> [Task objective]:
Without the pictures, output the lines of the material from the very first through the one that holds "Pantalones de cuadros".

Segment Start: Data

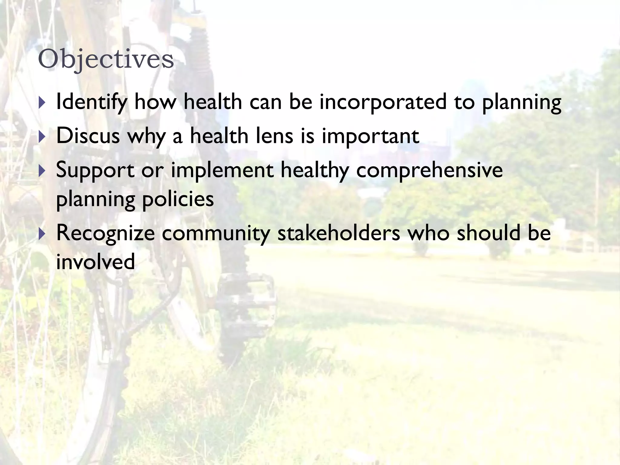 This document discusses incorporating health considerations into city comprehensive planning. It identifies key elements like land use, transportation, and housing that impact health. It also notes troubling obesity rates. Case studies from cities in Washington that integrated health are provided, with lessons learned around focusing on aging populations, allowing flexibility, and using multidisciplinary teams. Resources for further information are included.
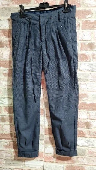 Pantalones de cuadros en tonos rojos y azules, talla 38. Son de corte recto y tienen un diseño elegante. Envío rápido - Diseño de cuadros - Talla 38 - Corte recto - cierre lateral de cremallera
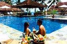 Ausstattung: Die beliebte Hotelanlage ist von einer exotischen Gartenanlage umgeben. Sie besteht aus Bungalows (3 Wohneinheiten je Bungalow) und einem dreistöckigen Haupthaus, welches direkt gegenüber der Open-Air-Rezeption liegt (einige Zimmer im Haupthaus sind rollstuhlgerecht). Zwei elegante Swimmingpools mit Kinderbecken, zwei Whirlpools sowie eine Sonnenterrasse (Badetücher und Liegen am Pool inklusive), eine Poolbar, eine Bar und ein Spa sorgen für entspannende Stunden. Am Pool werden traditionelle Massagen angeboten. Offenes Restaurant (Speisekarte auf deutsch) mit europäischen, indonesischen und chinesischen Gerichten sowie mit wechselnden Abendbuffets und eine Pizzeria runden das Angebot ab. Gelegentliches Unterhaltungsprogramm tagsüber und abends. Zu dem Schwesterhotel Candi Beach Cottage besteht ein täglicher Hotelbusservice (inklusive). Kreditkarten: AX, MC, VI, DC. Zimmer: Die 217 im Haupthaus befindlichen Superior-Zimmer sind freundlich eingerichtet und haben Bad/Dusche, WC, Telefon, Föhn, Sat.-TV (Deutsche Welle), Videos (teilweise in Deutsch), Musikanlage, Klimaanlage, Minibar, Wasserkocher für Tee oder Kaffee, Safe und Balkon oder Terrasse mit Sitzgelegenheiten. Bungalows: Sind gleicher Ausstattung, teilweise etwas größer und mit Terrasse, liegen näher zum Strand und Pool. Verpflegung: Amerikanisches Frühstücks-Buffet. All inklusive: Frühstück,
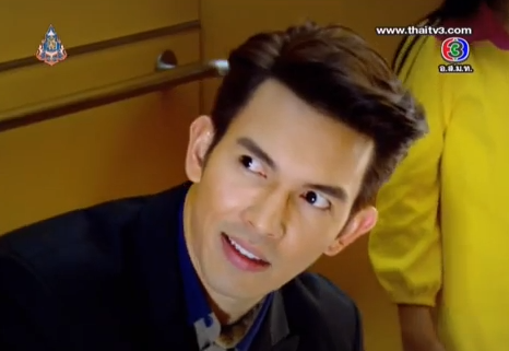 To rush away from the paparazzis, Dao decides to take the same elevator as Chai Jan. Just as he mutters that it’s never a lucky day when he sees her, the elevator suddenly stops. She tells him to blame it on the owner of the mall instead of her (not realizing that she’s staring at the owner in the face.)
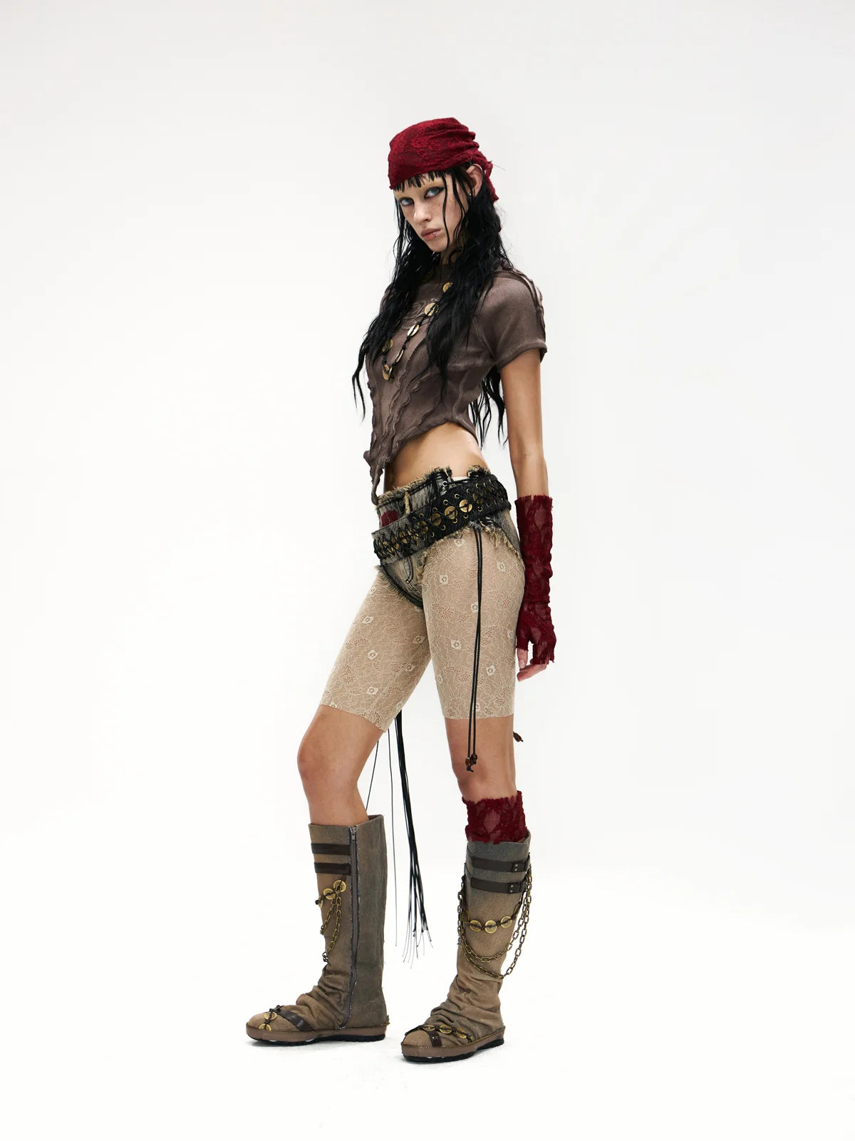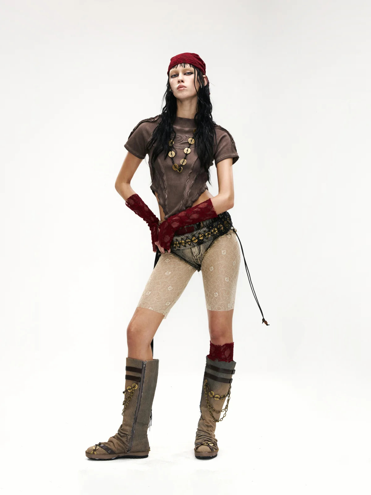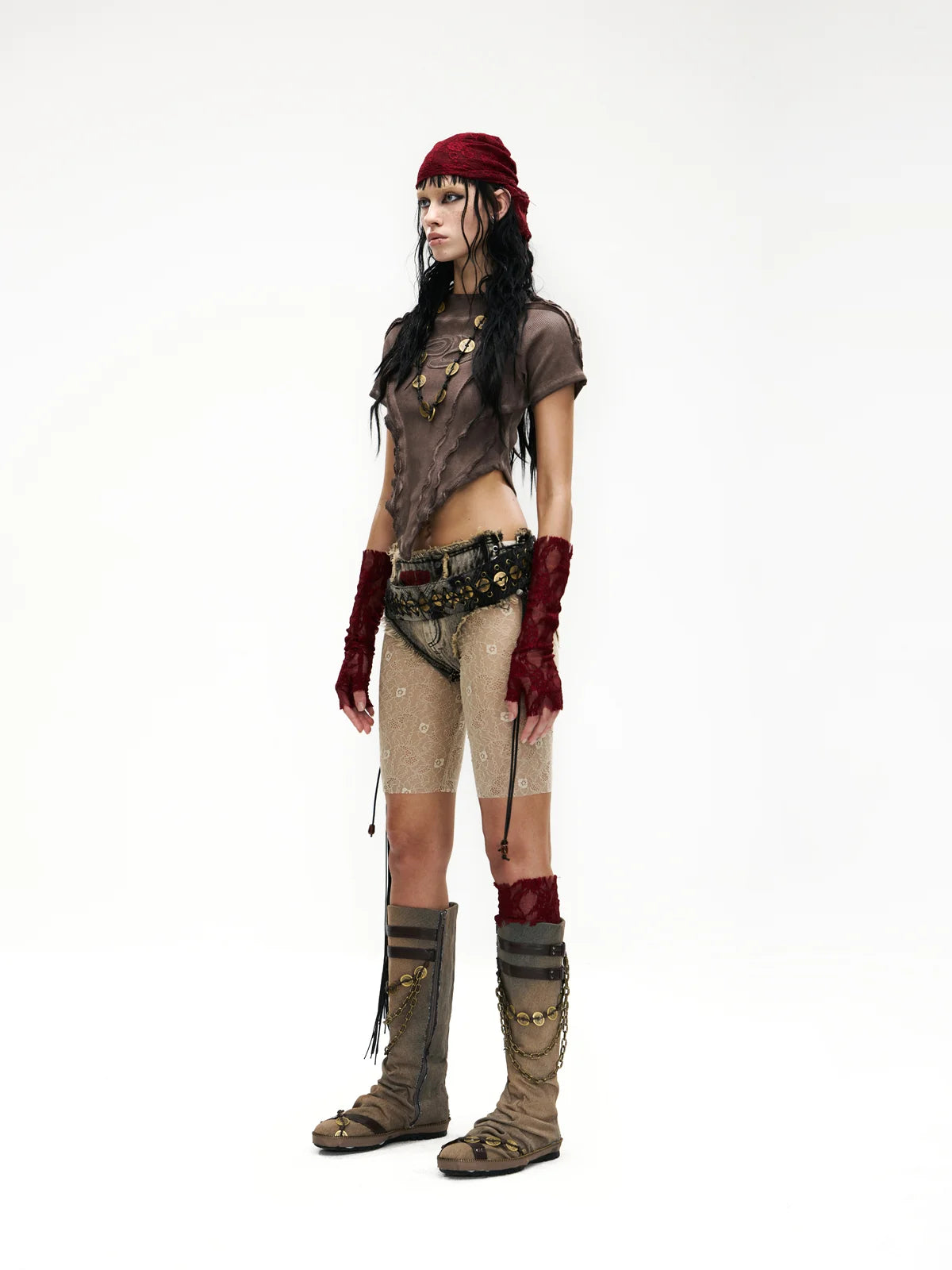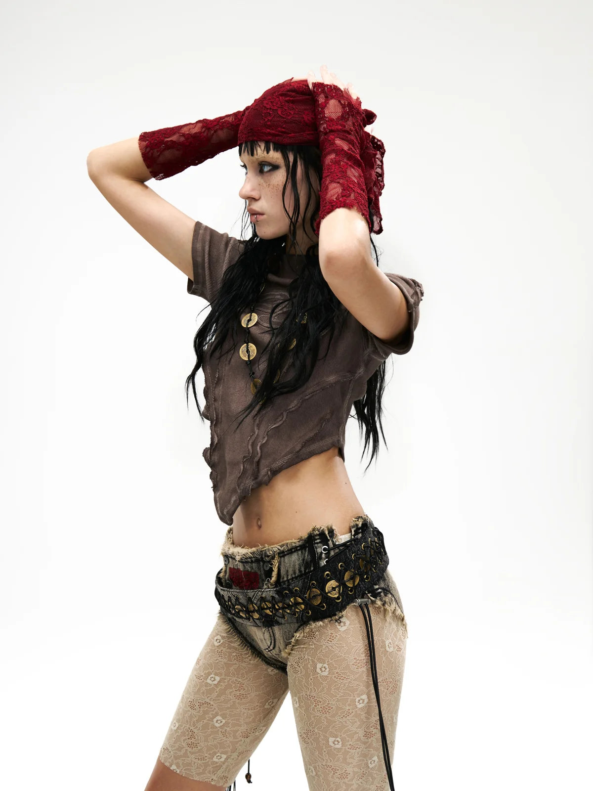 • Slim Fit.• 100% Cotton.• Applique Embroidery.• V-Shaped Hem.• Washed And Distressed.• Raw edge stitching.

Segment End: Data

> [Output]:
 This document discusses incorporating health considerations into city comprehensive planning. It identifies key elements like land use, transportation, and housing that impact health. It also notes troubling obesity rates. Case studies from cities in Washington that integrated health are provided, with lessons learned around focusing on aging populations, allowing flexibility, and using multidisciplinary teams. Resources for further information are included.
 Pantalones de cuadros en tonos rojos y azules, talla 38. Son de corte recto y tienen un diseño elegante. Envío rápido - Diseño de cuadros - Talla 38 - Corte recto - cierre lateral de cremallera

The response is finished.